Contracts specify if they wish to be stored in RAM and eventually SSD, or only in SSD. To be stored in RAM, they have to pay a high fixed cost (or recurrent cost in case storage rent is used). A contract can switch from RAM to SSD and vice-verse at any time, if programmed to do so. This is the solution chosen for this RSKIP.

Specification

A contract (in full) can be stored in RAM or in SSD. When a contract is stored in RAM, the CALL cost is reduced 5 times to 140 (instead of 700) and the SLOAD/SSTORE costs are also reduced by 5 (400 for a 2K SSTORE cost). To move a contract to RAM, a new opcode is used SETSTORAGE. The only argument for this opcode is the destination: 0 is SSD, 1 is RAM. If the argument is equal to the current storage state, nothing happens, and the opcode costs 10 gas. If the movement is from SSD to RAM, it has a proportional to the size of the contract, but with a very low multiplier. If the movement is from SSD to RAM, the cost is proportional as specified:

  • 700 base cost (to bring code to RAM, plus additional page cost if paging is used)
  • the equivalent of reading each storage cell by SLOAD.

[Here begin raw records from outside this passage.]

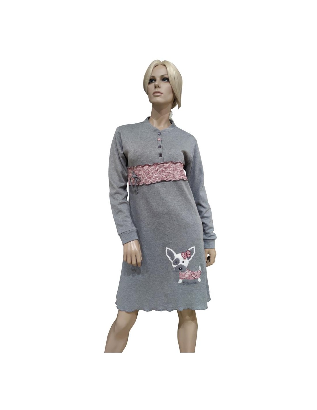 Camicia da notte Donna invernale in tessuto felpato, rifinita con ricamo
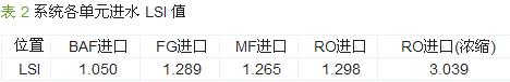 依據表1中系統各單元進水水質參數計算所得系統各單元進水的LSI見表2。
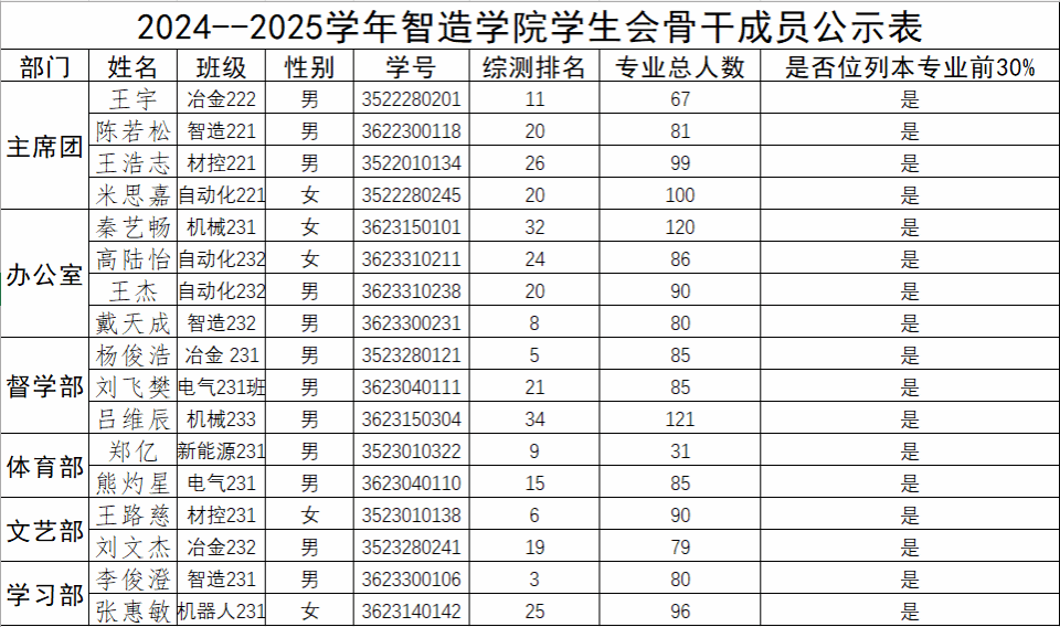 大会秉持着挑选学生会成员思想政治素质高、学习成绩优良,无课业不及格情况,且综 合成绩排名位列专业前 30%,下方是taptap点点体育学生会主席团及学生骨干的基本信息和成绩。
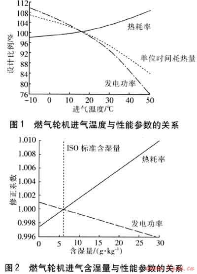 PG6111FA型燃氣輪機發(fā)電機組的標準工況(額定工況)為:環(huán)境溫度為15℃,大氣絕對壓力為97.8kPa、相對濕度為48%(即含濕量為5.25g/kg)。在標準工況下,該燃氣輪機發(fā)電功率為73640kW,單位時間耗熱量為750.4×106kJ/h,熱耗率(指每生產(chǎn)1kW·h電所消耗的熱量)為10190kJ/(kW·h),排氣質(zhì)量流量為735.3×103kg/h,排氣溫度為600.6℃,燃料是天然氣。在非標準工況下(環(huán)境相對濕度為48%,大氣絕對壓力為97.8kPa),燃氣輪機進氣溫度與性能參數(shù)的關(guān)系見圖1,圖1中設(shè)計比例是指燃氣輪機非標準工況下的性能參數(shù)與標準工況下的性能參數(shù)之比。在環(huán)境溫度為15℃、大氣壓力為97.8kPa時,燃氣輪機空氣進氣含濕量與性能參數(shù)的關(guān)系見圖2,圖2中含濕量是每1kg干空氣中含有水的質(zhì)量,修正系數(shù)是指非IS0標準空氣進氣含濕量時燃氣輪機的性能參數(shù)與IS0標準空氣進氣含濕量下燃氣輪機的性能參數(shù)之比。
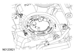 9. NOTE: Inspect the mating surfaces of the FP module flange and the fuel tank O-ring seal contact surfaces. Do not adjust the O-ring seal contact area of the fuel tank flange or the fuel tank. Install a new FP module or fuel tank if the O-ring seal contact area is damaged.

The recurrent cost is also adjusted by a 5x multiplier. The reduction in cost for SSTOREs is based on the assumption that this system caches RAM data and only writes it to SSD every N blocks (e.g. N=60, but a minimum of N=5 is assumed). This means that the cost of storage writes is amortized. If a full node is turned off, or the application exits abnormally, then the full node can always reconstruct the state by re-executing up to N past blocks.